How do you find local maximum value of f using the first and second derivative tests: #f(x) = x / (x^2 + 9)#?

Required: Local Maxima

Solution Strategy:

1. Use quotient rule to differentiate f(x)

To find the local maximum value of ( f(x) = \frac{x}{x^2 + 9} ) using the first and second derivative tests:

1. Find the first derivative, ( f'(x) ): [ f(x) = \frac{x}{x^2 + 9} ] [ f'(x) = \frac{(x^2 + 9)(1) - (x)(2x)}{(x^2 + 9)^2} ] [ f'(x) = \frac{x^2 + 9 - 2x^2}{(x^2 + 9)^2} ] [ f'(x) = \frac{9 - x^2}{(x^2 + 9)^2} ]
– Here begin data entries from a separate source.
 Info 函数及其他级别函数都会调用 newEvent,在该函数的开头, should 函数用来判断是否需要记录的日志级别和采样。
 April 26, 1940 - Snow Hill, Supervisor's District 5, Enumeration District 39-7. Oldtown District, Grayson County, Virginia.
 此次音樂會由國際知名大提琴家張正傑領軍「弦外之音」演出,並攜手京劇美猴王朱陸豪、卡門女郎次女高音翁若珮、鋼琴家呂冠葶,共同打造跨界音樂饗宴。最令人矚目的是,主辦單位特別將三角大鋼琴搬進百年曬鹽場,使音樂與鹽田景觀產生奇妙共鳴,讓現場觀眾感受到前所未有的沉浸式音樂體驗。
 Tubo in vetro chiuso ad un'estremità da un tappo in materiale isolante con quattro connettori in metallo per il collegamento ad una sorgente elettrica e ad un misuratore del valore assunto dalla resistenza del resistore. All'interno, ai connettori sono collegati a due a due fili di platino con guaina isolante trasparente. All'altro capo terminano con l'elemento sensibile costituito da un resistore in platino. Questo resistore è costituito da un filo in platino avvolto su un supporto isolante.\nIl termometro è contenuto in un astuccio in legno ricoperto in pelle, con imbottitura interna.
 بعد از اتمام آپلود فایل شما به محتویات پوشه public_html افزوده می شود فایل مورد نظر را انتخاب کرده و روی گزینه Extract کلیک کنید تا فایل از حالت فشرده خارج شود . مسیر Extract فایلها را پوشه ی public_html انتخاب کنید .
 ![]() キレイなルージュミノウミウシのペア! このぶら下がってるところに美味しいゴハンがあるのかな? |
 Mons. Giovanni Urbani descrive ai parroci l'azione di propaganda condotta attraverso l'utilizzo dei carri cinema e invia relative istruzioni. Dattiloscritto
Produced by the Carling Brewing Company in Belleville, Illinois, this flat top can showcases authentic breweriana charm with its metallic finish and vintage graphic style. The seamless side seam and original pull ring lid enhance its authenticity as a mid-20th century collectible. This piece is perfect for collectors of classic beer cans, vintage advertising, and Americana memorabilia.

2. Find the critical points by setting ( f'(x) = 0 ): [ \frac{9 - x^2}{(x^2 + 9)^2} = 0 ] [ 9 - x^2 = 0 ] [ x^2 = 9 ] [ x = \pm 3 ]

3. Find the second derivative, ( f''(x) ): [ f'(x) = \frac{9 - x^2}{(x^2 + 9)^2} ] [ f''(x) = \frac{d}{dx} \left( \frac{9 - x^2}{(x^2 + 9)^2} \right) ]

To simplify this expression, I suggest you to use a Computer Algebra System or a calculator.

4. Evaluate ( f''(x) ) at the critical points ( x = -3 ) and ( x = 3 ).

5. Determine the nature of the critical points:

   • If ( f''(x) > 0 ), it's a local minimum.
   • If ( f''(x) < 0 ), it's a local maximum.
   • If ( f''(x) = 0 ), the test is inconclusive.

6. Calculate ( f(x) ) at the critical points and compare to find the local maximum value.